**Your goal**
Exact copies of all the lines below are required, with the pictures omitted.

**Source data**
☆ ☆ ☆ ☆ ☆ ☆ ☆
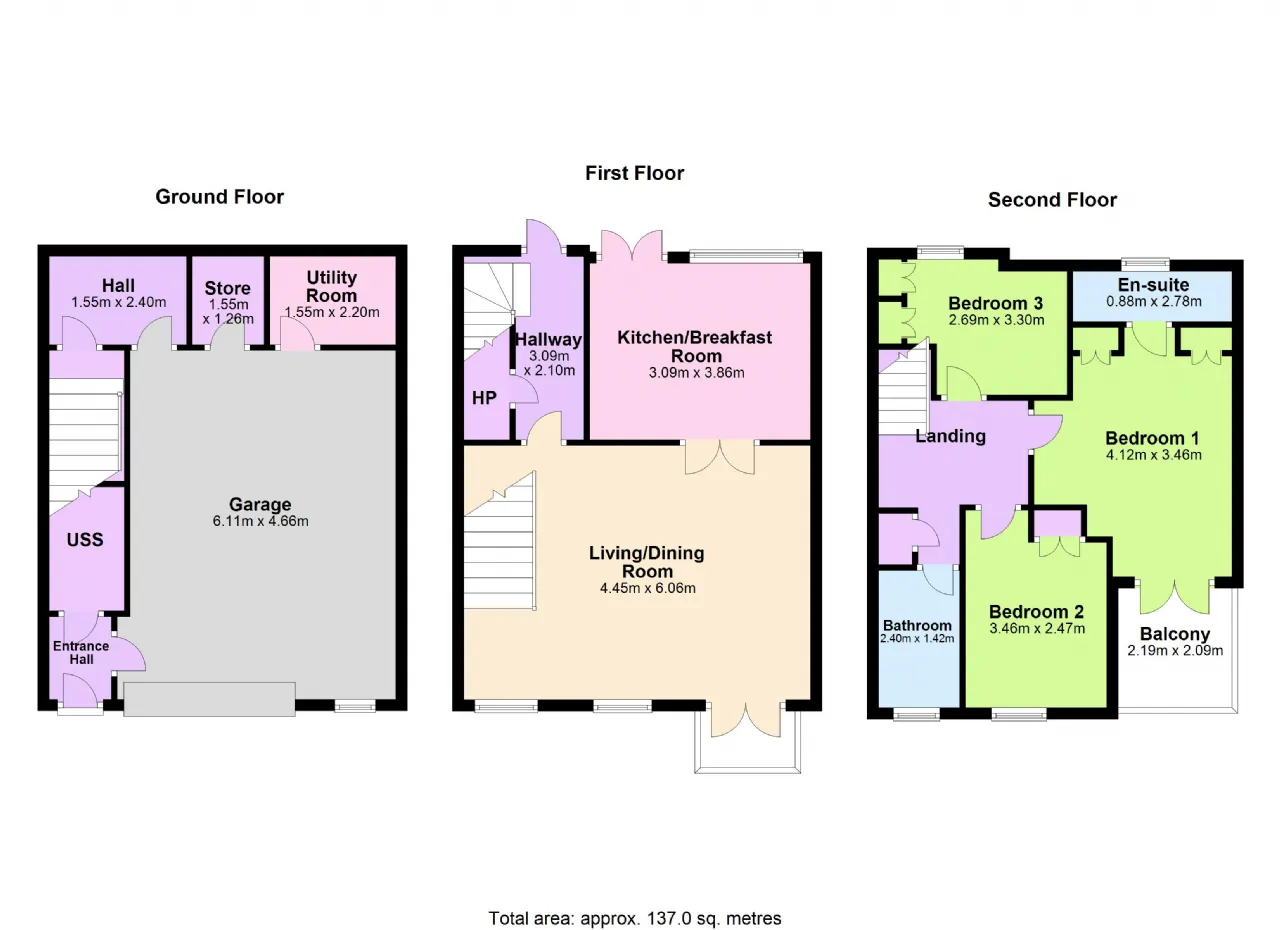 Hallway 3.09m x 2.10m Under stairs storage, stairs leading to sleeping accommodation
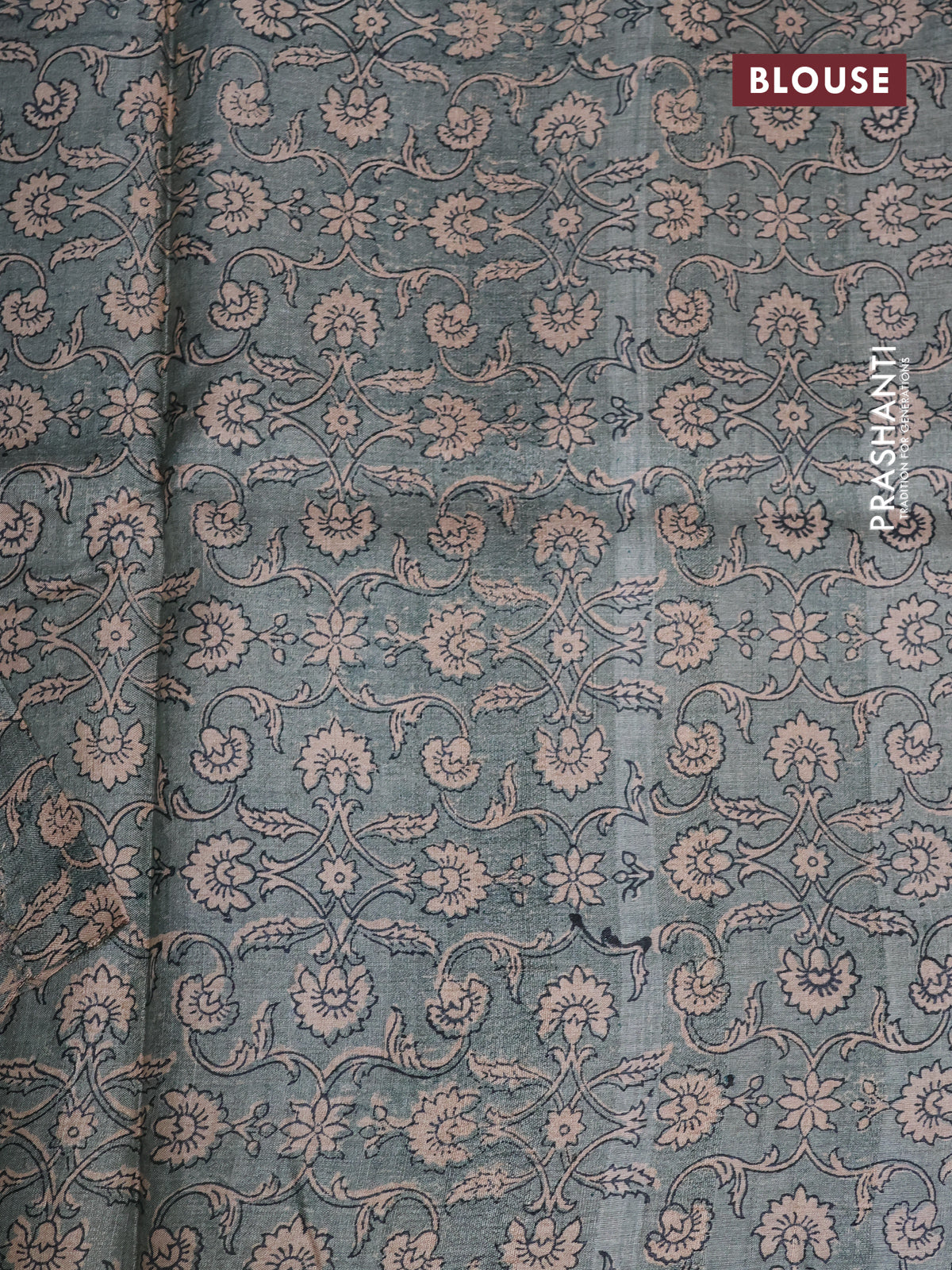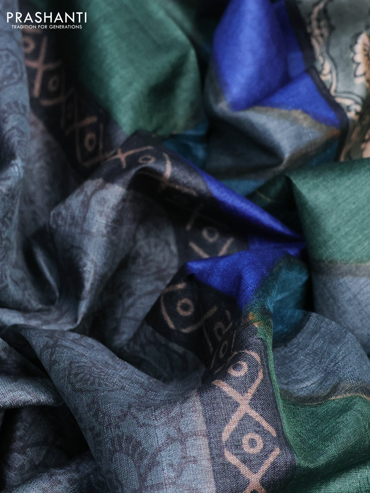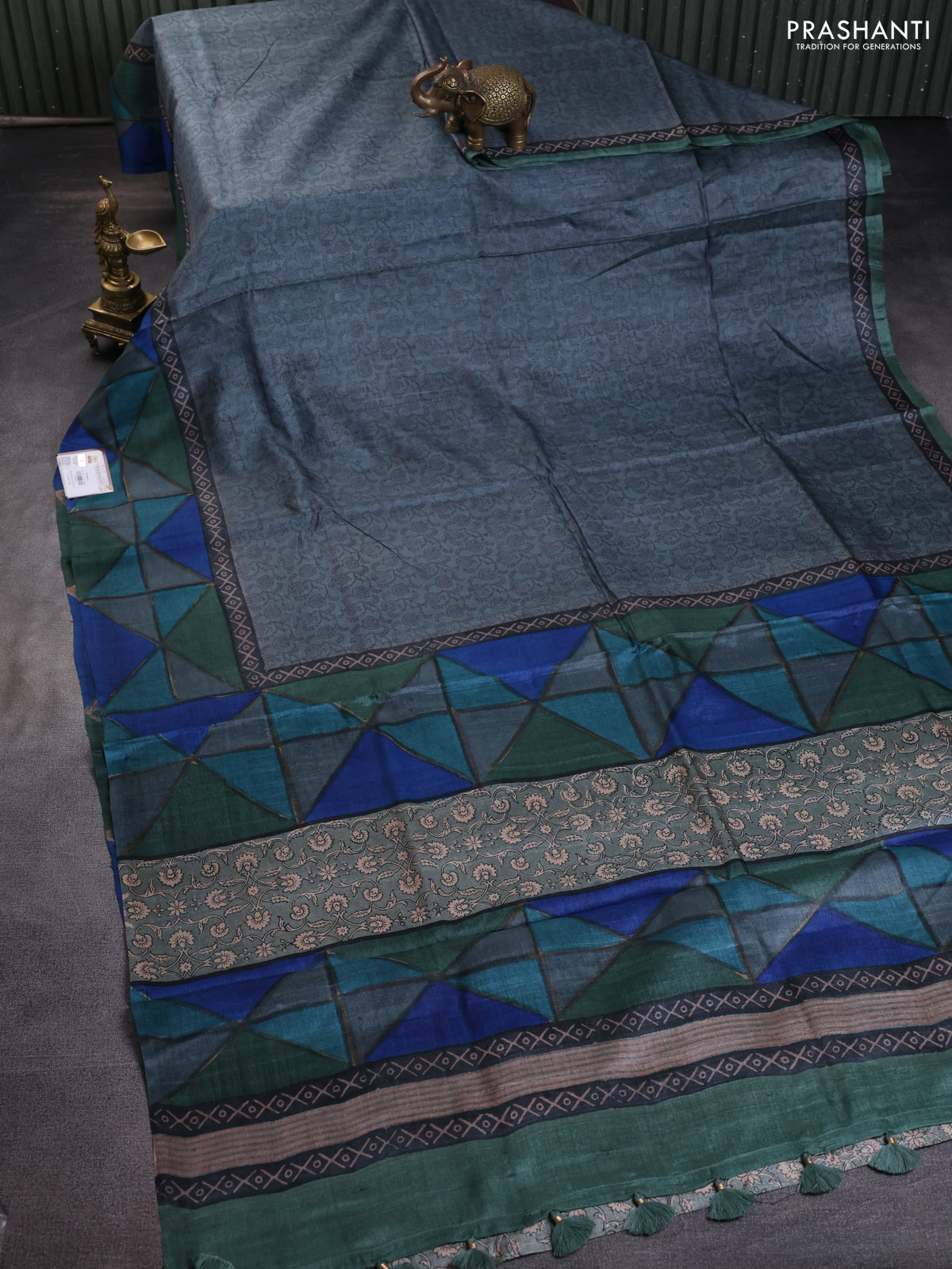 Pure tussar silk saree grey and multi colour with allover prints and printed border
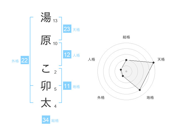 湯原 こ卯太さんを姓名の画数から五運を鑑定
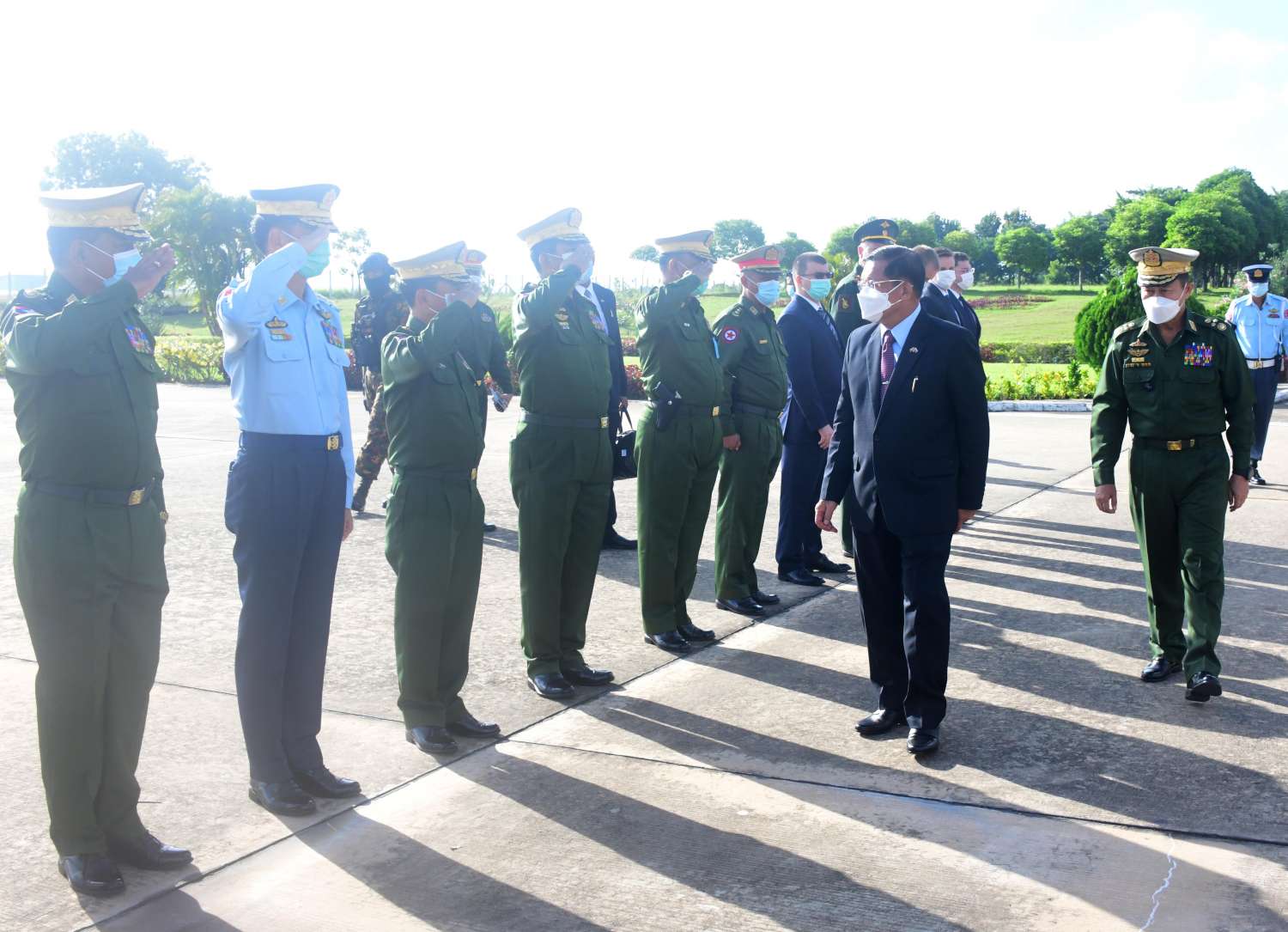 နိုင်ငံတော်စီမံအုပ်ချုပ်ရေး ကောင်စီဥက္ကဋ္ဌ နိုင်ငံတော်ဝန်ကြီးချုပ် ဦးဆောင်သည့် မြန်မာအဆင့်မြင့် ကိုယ်စားလှယ်အဖွဲ့အား ကောင်စီဒုတိယဥက္ကဋ္ဌ၊ ဒုတိယဝန်ကြီးချုပ် ဒုတိယဗိုလ်ချုပ်မှူးကြီး စိုးဝင်း၊ ကောင်စီဝင်များ၊ ကောင်စီအတွင်းရေးမှူး၊ ပြည်ထောင်စုဝန်ကြီးများ၊ ကာကွယ်ရေးဦးစီးချုပ်ရုံး (ကြည်း)မှ တပ်မတော် အရာရှိကြီးများ၊ နေပြည်တော်တိုင်း စစ်ဌာနချုပ်တိုင်းမှူး၊ မြန်မာနိုင်ငံဆိုင်ရာ ရုရှားဖက်ဒရေးရှင်း နိုင်ငံသံရုံးမှ သံရုံး ဒုတိယအကြီးအကဲ Mr. Pavel A.KLABUKOV၊ စစ်သံမှူး Colonel Sergei KURCHENKO နှင့် တာဝန်ရှိသူများက လေဆိပ်၌ ပို့ဆောင်နှုတ်ဆက်ကြသည်။
☆ ☆ ☆ ☆ ☆ ☆ ☆
**Exercise response**
 Hallway 3.09m x 2.10m Under stairs storage, stairs leading to sleeping accommodation
 Pure tussar silk saree grey and multi colour with allover prints and printed border
 湯原 こ卯太さんを姓名の画数から五運を鑑定
 နိုင်ငံတော်စီမံအုပ်ချုပ်ရေး ကောင်စီဥက္ကဋ္ဌ နိုင်ငံတော်ဝန်ကြီးချုပ် ဦးဆောင်သည့် မြန်မာအဆင့်မြင့် ကိုယ်စားလှယ်အဖွဲ့အား ကောင်စီဒုတိယဥက္ကဋ္ဌ၊ ဒုတိယဝန်ကြီးချုပ် ဒုတိယဗိုလ်ချုပ်မှူးကြီး စိုးဝင်း၊ ကောင်စီဝင်များ၊ ကောင်စီအတွင်းရေးမှူး၊ ပြည်ထောင်စုဝန်ကြီးများ၊ ကာကွယ်ရေးဦးစီးချုပ်ရုံး (ကြည်း)မှ တပ်မတော် အရာရှိကြီးများ၊ နေပြည်တော်တိုင်း စစ်ဌာနချုပ်တိုင်းမှူး၊ မြန်မာနိုင်ငံဆိုင်ရာ ရုရှားဖက်ဒရေးရှင်း နိုင်ငံသံရုံးမှ သံရုံး ဒုတိယအကြီးအကဲ Mr. Pavel A.KLABUKOV၊ စစ်သံမှူး Colonel Sergei KURCHENKO နှင့် တာဝန်ရှိသူများက လေဆိပ်၌ ပို့ဆောင်နှုတ်ဆက်ကြသည်။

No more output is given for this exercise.